Pinho Armando J, Neves António J R, Afreixo Vera, Bastos Carlos A C, Ferreira Paulo J S G
Signal Processing Laboratory, DETI/IEETA, University of Aveiro, 3810-193 Aveiro, Portugal.
IEEE Trans Biomed Eng. 2006 Nov;53(11):2148-55. doi: 10.1109/TBME.2006.879477.

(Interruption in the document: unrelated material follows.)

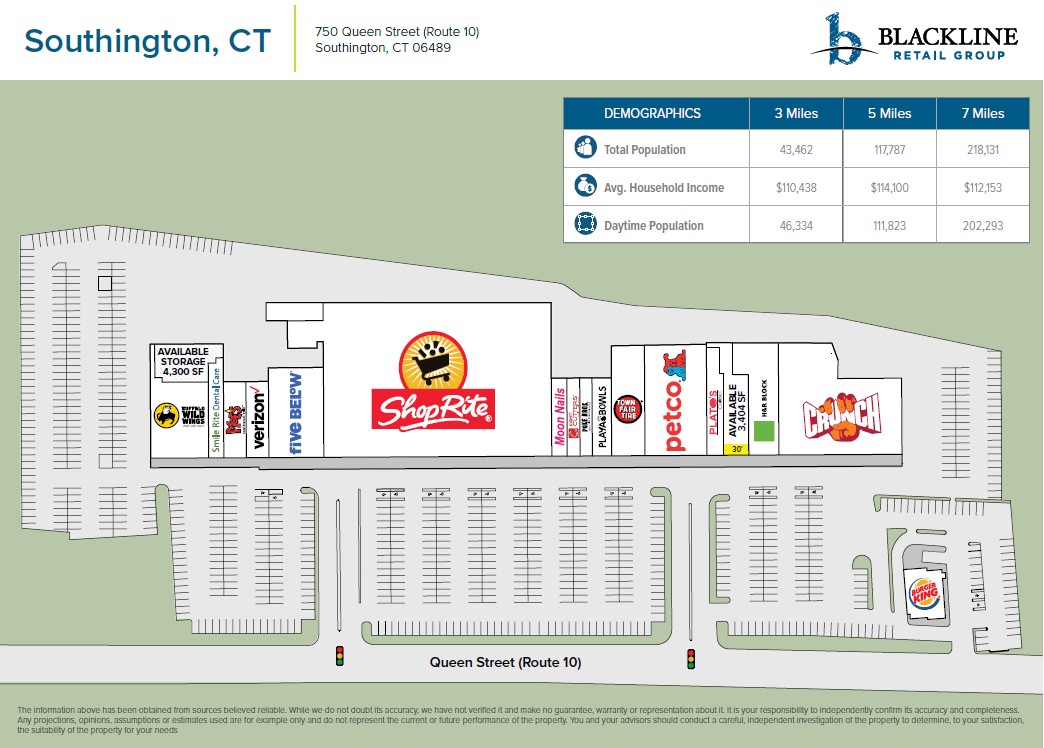 Shop Rite Plaza is located in Southington, Connecticut, on Queen Street/Route 10, a highly traveled retail corridor lined with independent and chain restaurants, big box stores and family-owned businesses. The plaza is anchored by Shop Rite, Petco and Buffalo Wild Wings, and has two signalized entrances and ample parking.

It is known that the protein-coding regions of DNA are usually characterized by a three-base periodicity. In this paper, we exploit this property, studying a DNA model based on three deterministic states, where each state implements a finite-context model. The experimental results obtained confirm the appropriateness of the proposed approach, showing compression gains in relation to the single finite-context model counterpart. Additionally, and potentially more interesting than the compression gain on its own, is the observation that the entropy associated to each of the three base positions of a codon differs and that this variation is not the same among the organisms analyzed.
众所周知,DNA的蛋白质编码区域通常具有三碱基周期性特征。在本文中,我们利用这一特性,研究了一种基于三种确定性状态的DNA模型,其中每种状态都实现了一个有限上下文模型。所获得的实验结果证实了所提出方法的适用性,显示出相对于单一有限上下文模型对应物的压缩增益。此外,可能比压缩增益本身更有趣的是,观察到密码子的三个碱基位置各自相关的熵不同,并且这种变化在所分析的生物体之间并不相同。